What to produce »
Every record below needs to be written out exactly, apart from the pictures.

Dataset »
..........
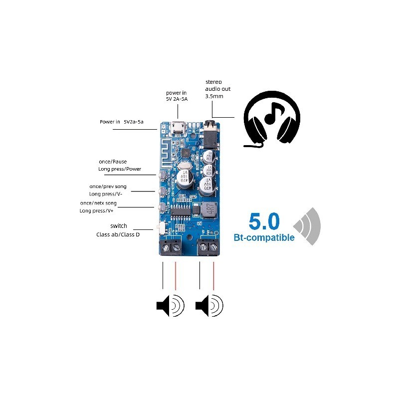 Bluetooth-compatible audio signals of mobile phones, laptops, and tablets can be received through this Bluetooth-compatible to the stereo amplifier output. The audio interface can also be connected to ordinary earphones with 3.5mm interface, which can turn ordinary earphones into Bluetooth-compatible earphones (without microphone, Does not support voice chat)
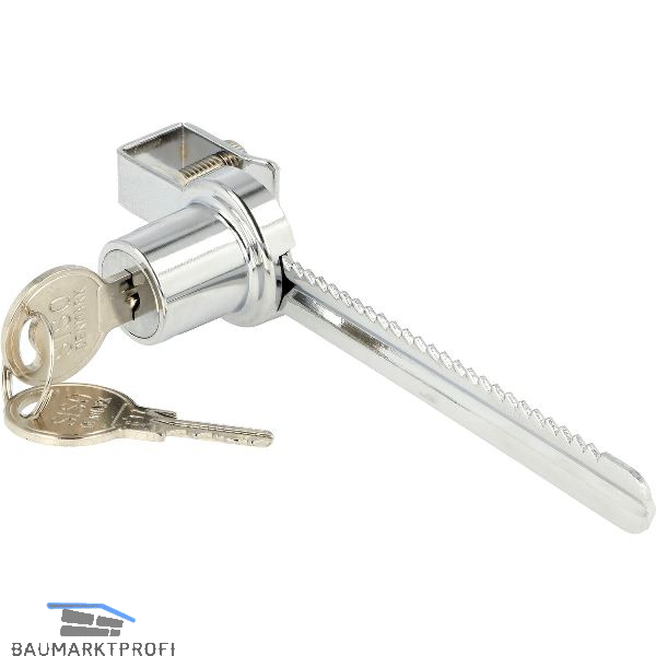 Der Zylinder wird auf die Zahnstange aufgeschoben und mit der abgeflachten Seite gegen die vordere Ganzglastür geschoben und verriegelt.
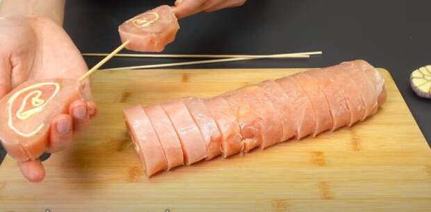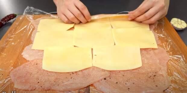 На мясной слой выкладываем сырные пластины, заворачиваем их в рулет из стейков.
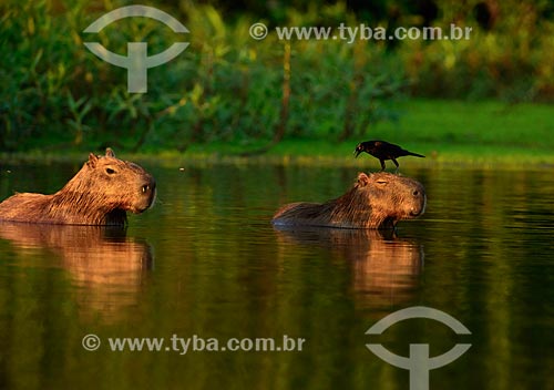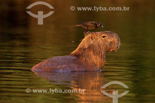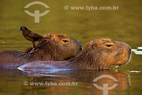•  Capybara (Hydrochoerus hydrochaeris) with tropical kingbird (Tyrannus melancholicus) - Pantanal Matogrossense  - Corumba city - Mato Grosso do Sul state (MS) - Brazil
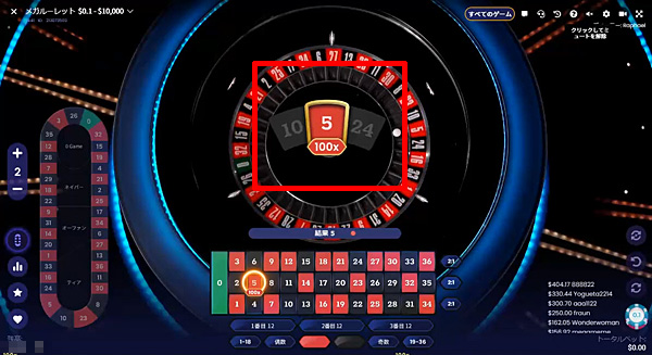 ルーレットで500倍は、夢がありますね!普段、ストレートアップに賭けることが多い人は、ぜひメガルーレットをお試しください。
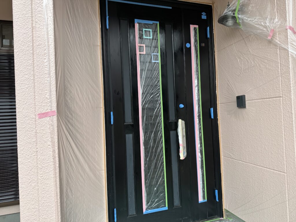 本日は太田市T様邸塗装工事、ベランダ塗装🪮玄関ドア塗装🪮いたしました。
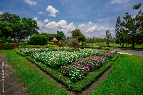 Close-up view of the various plants planted in the park,for the beauty of the spectators,fresh and comfortable,while resting during the day
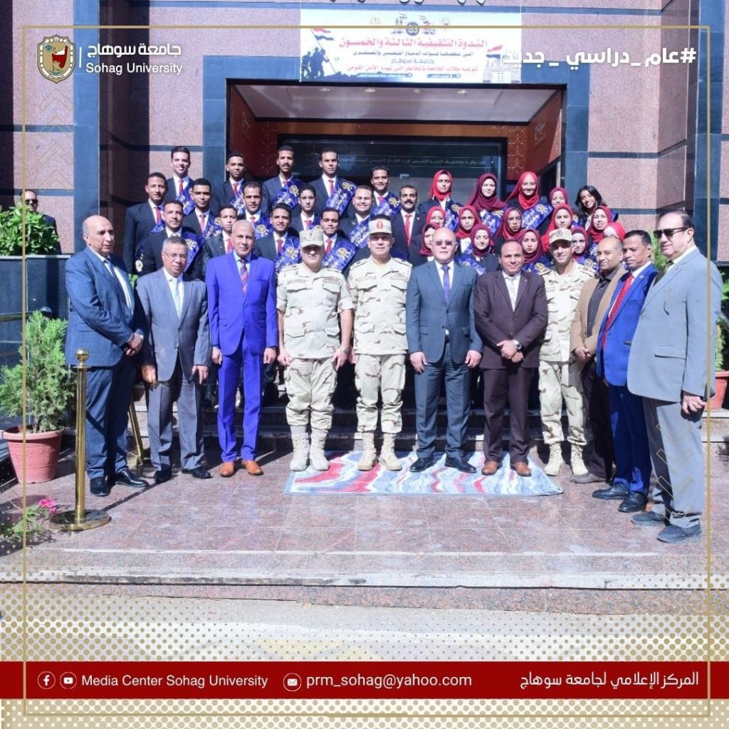 Prof. Hassan Al-Noamani, President of Sohag University, and Major General Staff Walid Hamid Al-Hamaki, Commander of the Popular and Military Defense Forces, witnessed the activities of the fifty-third educational symposium organized by the Armed Forces, represented by the Popular and Military Defense Forces, to educate students about the dangers that threaten national security, at the International Conference Center in the new headquarters,which coincided with the celebration of the golden jubilee to commemorate the victories of the glorious October War.
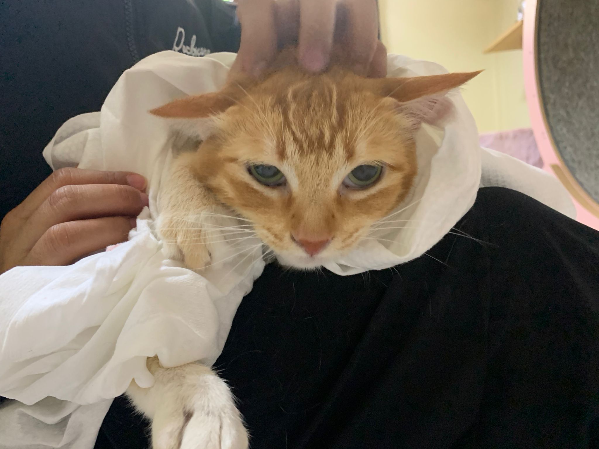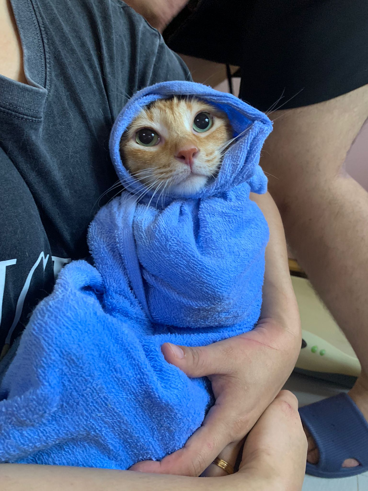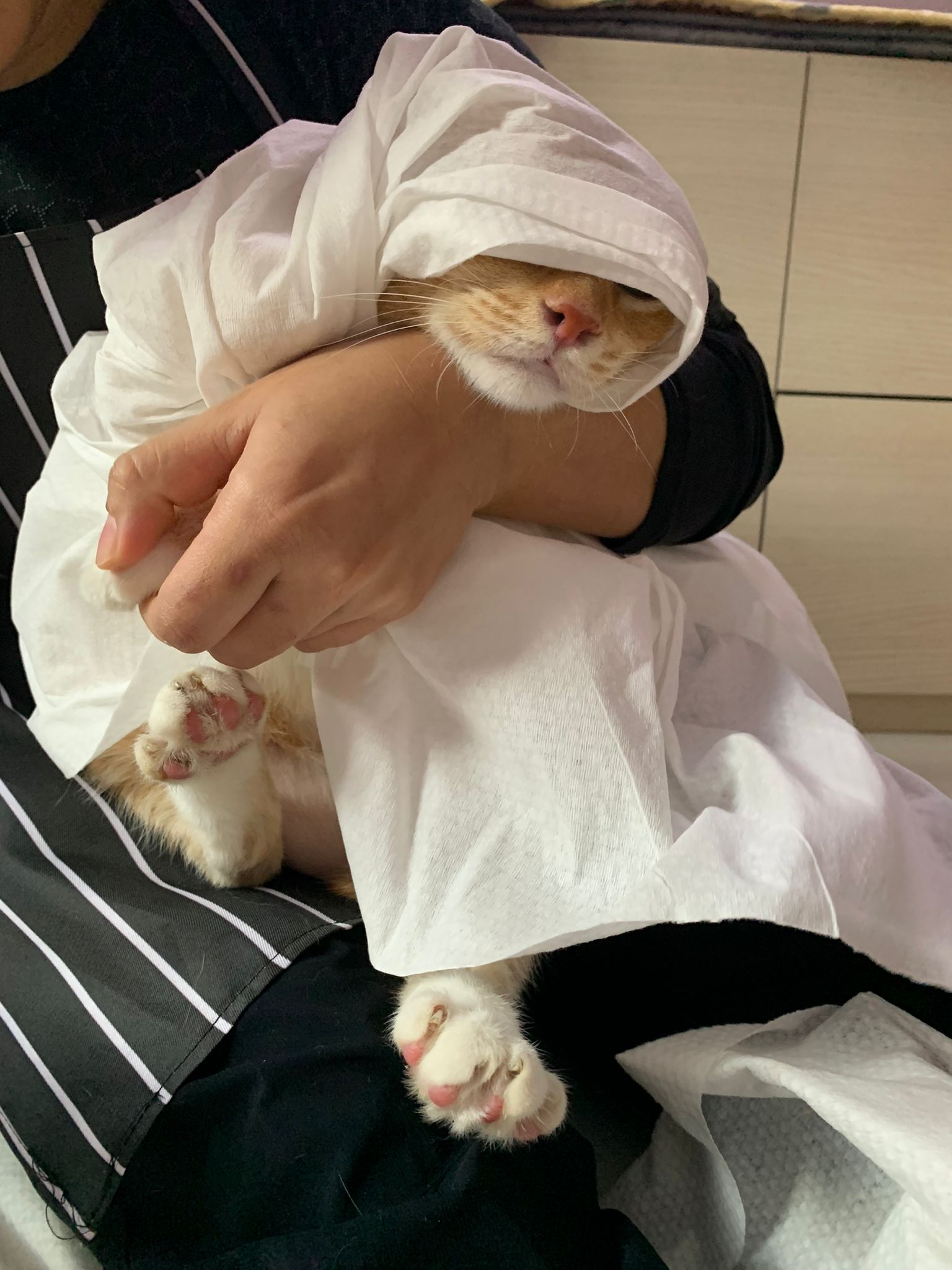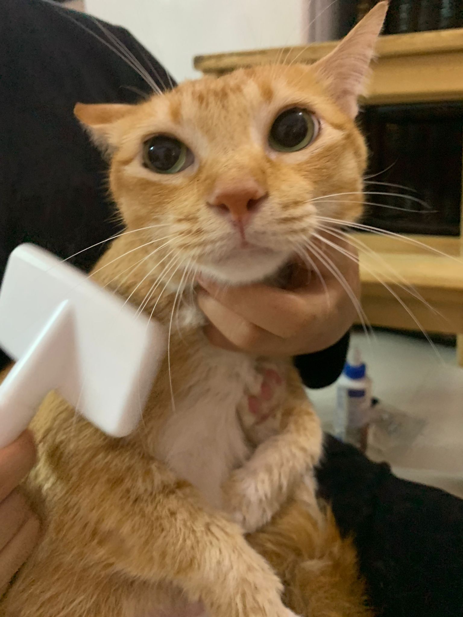 10am+: corner till one side, didn’t manage to get her into carrier. Told her clearly poke m/c then come back le. I sayang her back while my cardboard protect me. Feel her spine. Sigh she is thinner le. Old le. I say today if I didn’t get u I’ll bringing u to Ps then there I will do more bloods and treatment ah. Eventually manage to corner her after sunshine is caught. She walk into carrier. At clinic, come out towel cover n she is steady poke and go back carrier easy. 5.22kg – drop 210g in 20 months.
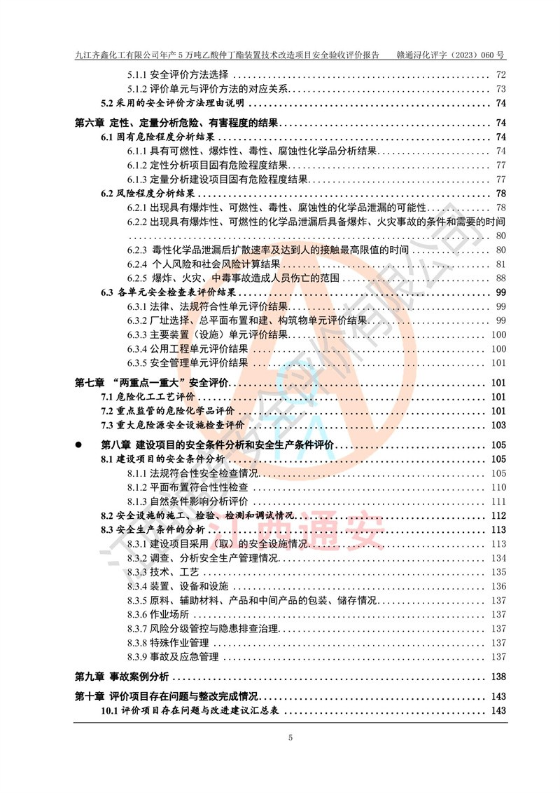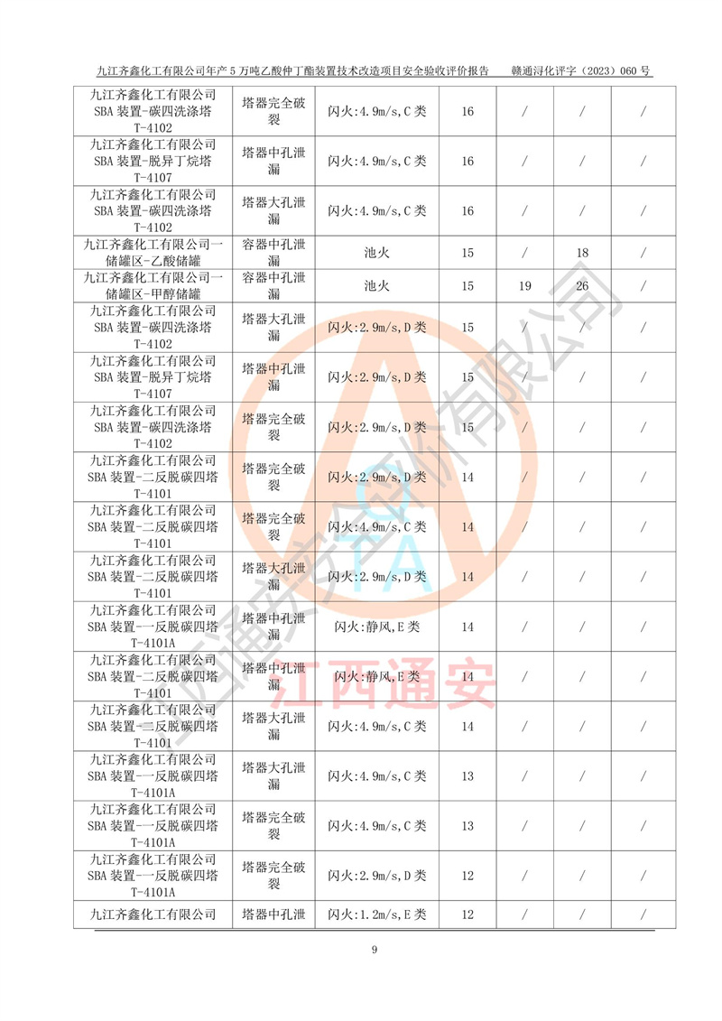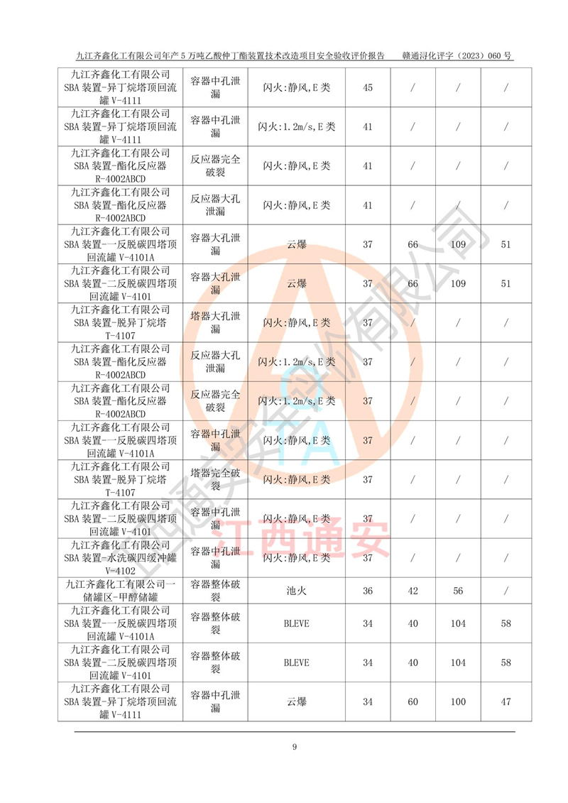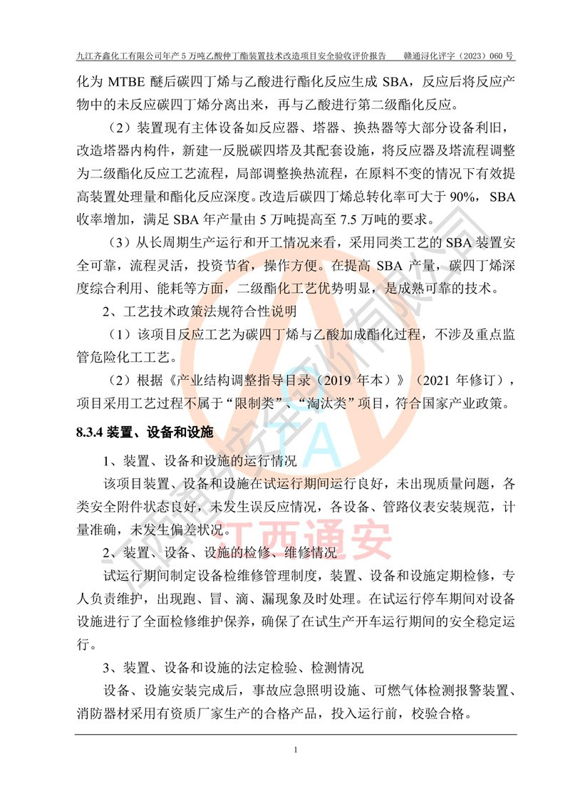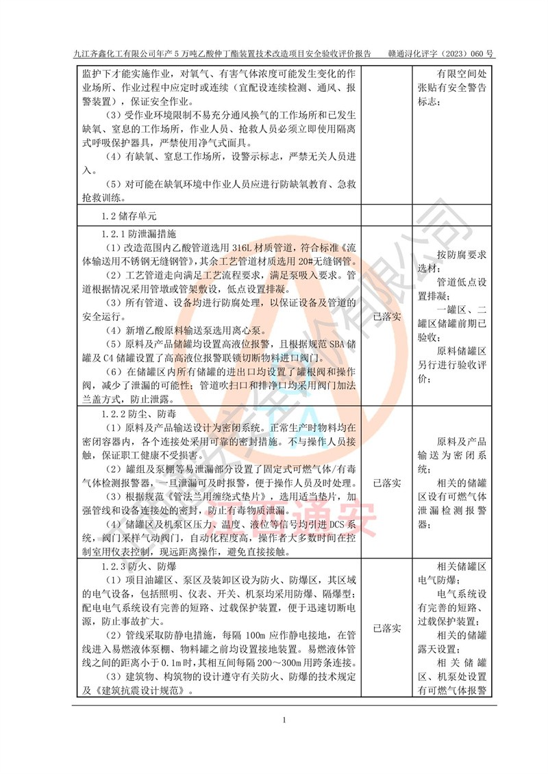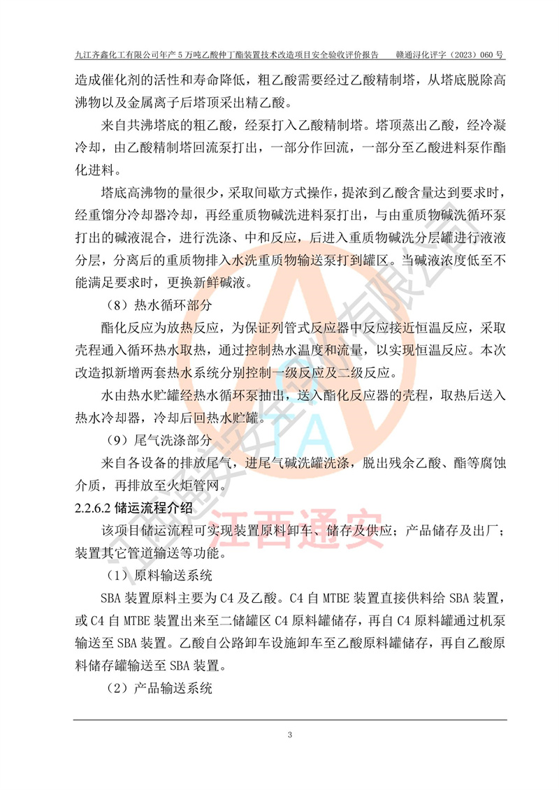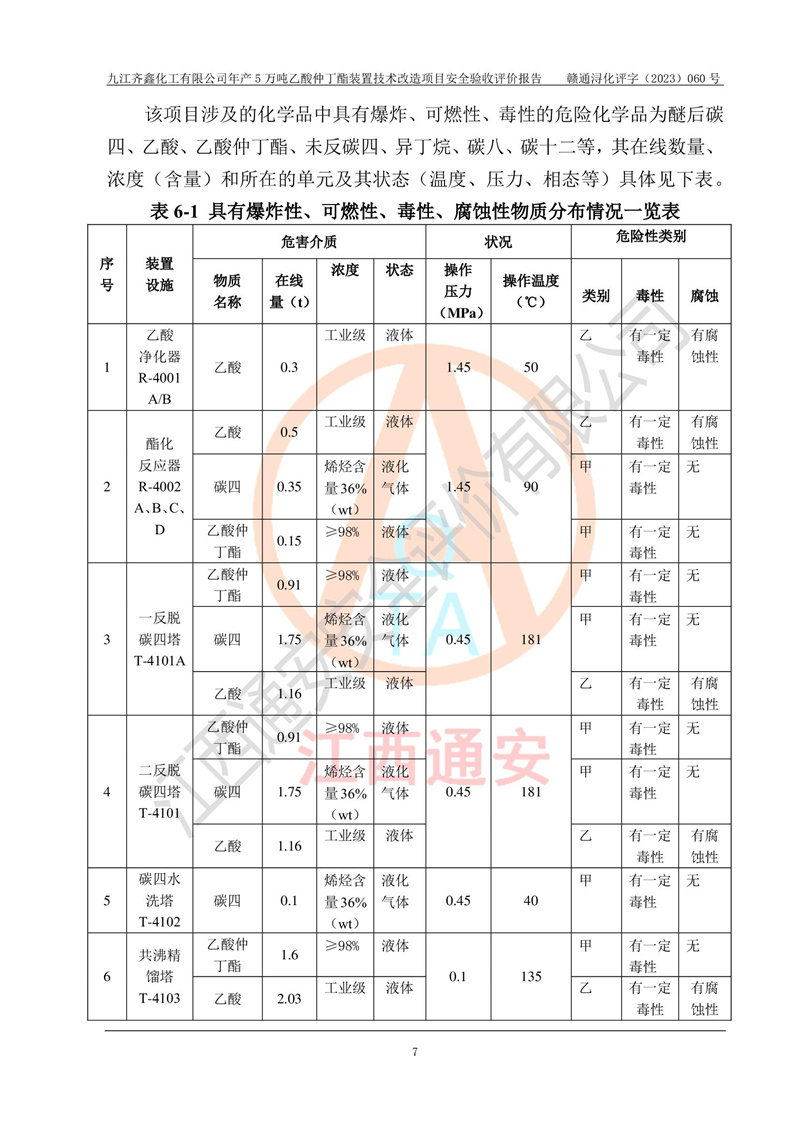 評(píng)價(jià)報(bào)告名稱 | 九江齊鑫化工有限公司年產(chǎn)5萬噸乙酸仲丁酯裝置技術(shù)改造項(xiàng)目安全驗(yàn)收評(píng)價(jià)報(bào)告 | ||||
..........
Written solution »
 Bluetooth-compatible audio signals of mobile phones, laptops, and tablets can be received through this Bluetooth-compatible to the stereo amplifier output. The audio interface can also be connected to ordinary earphones with 3.5mm interface, which can turn ordinary earphones into Bluetooth-compatible earphones (without microphone, Does not support voice chat)
 Der Zylinder wird auf die Zahnstange aufgeschoben und mit der abgeflachten Seite gegen die vordere Ganzglastür geschoben und verriegelt.
 На мясной слой выкладываем сырные пластины, заворачиваем их в рулет из стейков.
•  Capybara (Hydrochoerus hydrochaeris) with tropical kingbird (Tyrannus melancholicus) - Pantanal Matogrossense  - Corumba city - Mato Grosso do Sul state (MS) - Brazil
 ルーレットで500倍は、夢がありますね!普段、ストレートアップに賭けることが多い人は、ぜひメガルーレットをお試しください。
 本日は太田市T様邸塗装工事、ベランダ塗装🪮玄関ドア塗装🪮いたしました。
 Close-up view of the various plants planted in the park,for the beauty of the spectators,fresh and comfortable,while resting during the day
 Prof. Hassan Al-Noamani, President of Sohag University, and Major General Staff Walid Hamid Al-Hamaki, Commander of the Popular and Military Defense Forces, witnessed the activities of the fifty-third educational symposium organized by the Armed Forces, represented by the Popular and Military Defense Forces, to educate students about the dangers that threaten national security, at the International Conference Center in the new headquarters,which coincided with the celebration of the golden jubilee to commemorate the victories of the glorious October War.
 10am+: corner till one side, didn’t manage to get her into carrier. Told her clearly poke m/c then come back le. I sayang her back while my cardboard protect me. Feel her spine. Sigh she is thinner le. Old le. I say today if I didn’t get u I’ll bringing u to Ps then there I will do more bloods and treatment ah. Eventually manage to corner her after sunshine is caught. She walk into carrier. At clinic, come out towel cover n she is steady poke and go back carrier easy. 5.22kg – drop 210g in 20 months.
 評(píng)價(jià)報(bào)告名稱 | 九江齊鑫化工有限公司年產(chǎn)5萬噸乙酸仲丁酯裝置技術(shù)改造項(xiàng)目安全驗(yàn)收評(píng)價(jià)報(bào)告 | ||||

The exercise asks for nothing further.